The Best Sermon
- by Charles Spurgeon
A young English preached a message before a renounced pastor of many years. Upon
finishing his sermon, the young man went to the old pastor to ask how he had done:
"What do you think of my sermon, sir?" he asked.
"A very poor sermon indeed," he said.
"A poor sermon!" said the young man, "it took me a long time to study it."
"Ah, no doubt of it." the old pastor replied.
"Why, then, do you say it was poor; did you not think my explanation of the text
to be accurate?"
"Oh yes," said the old preacher, "very correct indeed."
"Well, then, why do you say it is a poor sermon? Didn't you think the metaphors
were appropriate, and the arguments conclusive?"
"Yes, they were very good, as far as that goes, but still it was a very poor sermon."
"Will you tell me why you think it a poor sermon?"
"Because," he said, "THERE WAS NO CHRIST IN IT."

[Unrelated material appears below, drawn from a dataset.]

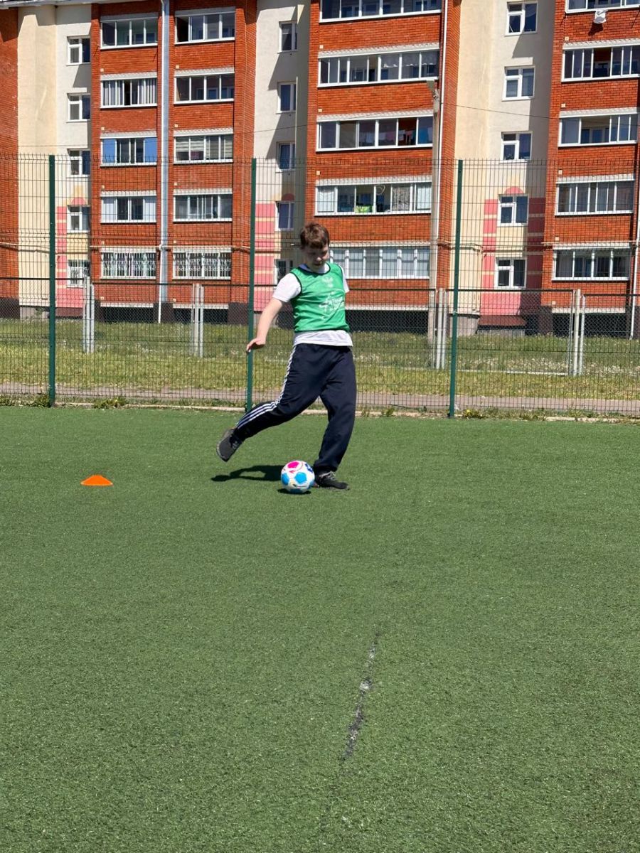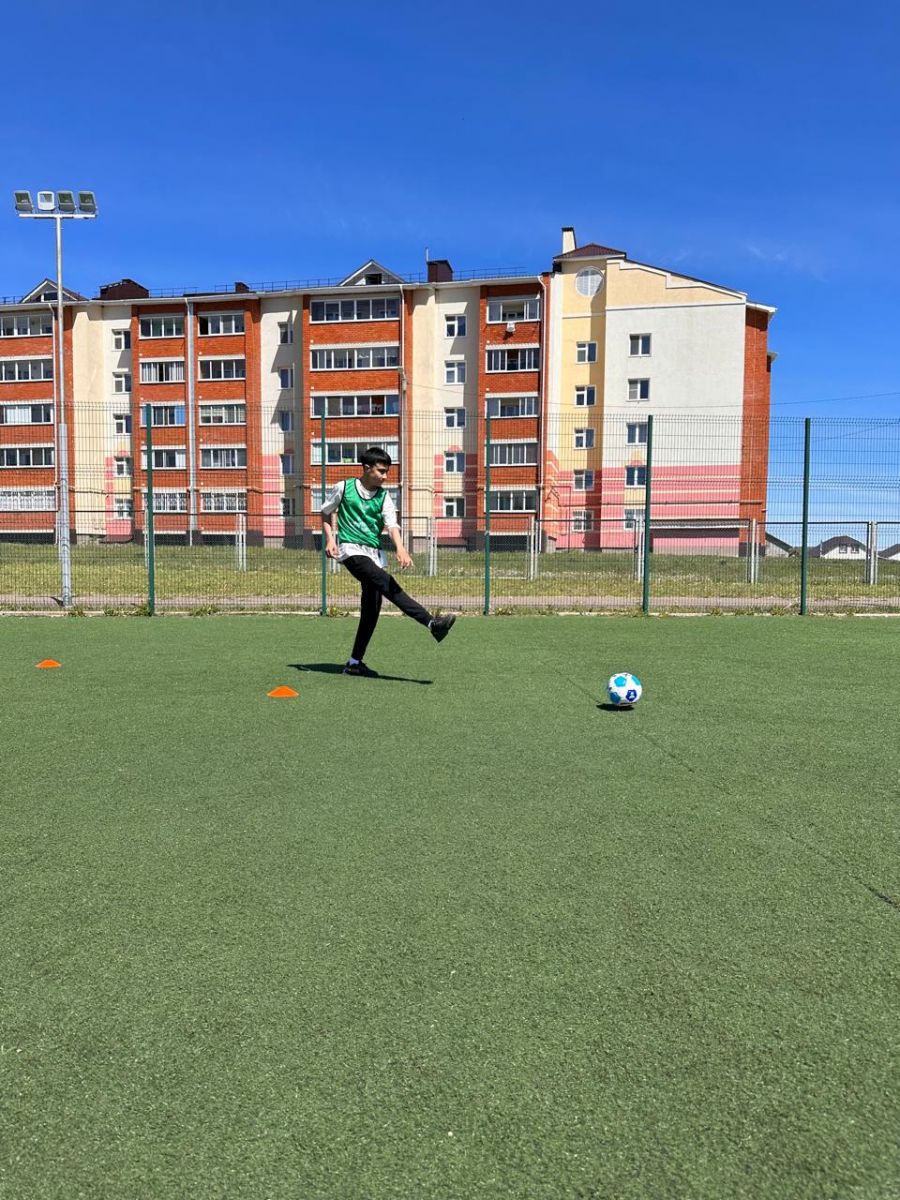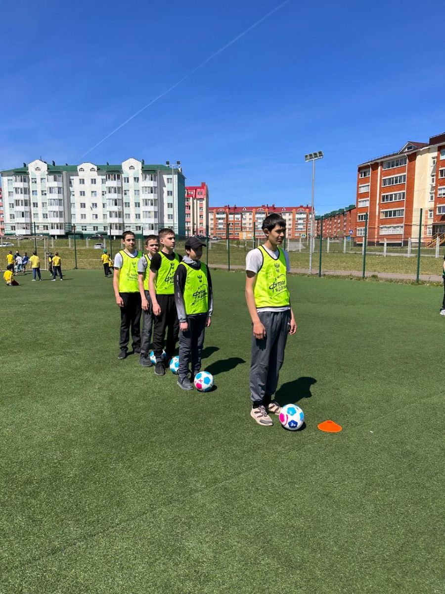 Бүген "Мәктәптә футбол" проекты кысаларында физкультура укытучысы Алтынбаева О.Н. футбол кырында 5-9 нчы сыйныф укучылары өчен "Футбол каруселе" үткәрде.

"Well," said the young man, "Christ was not in the text; we are not to be preaching
Christ always, we must preach what is in the text."
So the old man said, "Don't you know, young man, that from every town, and every
village, and every little hamlet in England, wherever it may be, there is a road
to London?"
"Yes," said the young man.
"Ah!" said the old preacher, "and so from EVERY TEXT in Scripture there is
a road to the metropolis of the Scriptures, that is CHRIST. And, my dear
brother, your business is, when you get to a text, to say, 'Now, what is the road
to Christ?' and then preach a sermon, running along the road towards the great metropolis
- Christ. And," he added, "I have never yet found a text that had no such road.
A sermon is not fit for anything unless Christ in it."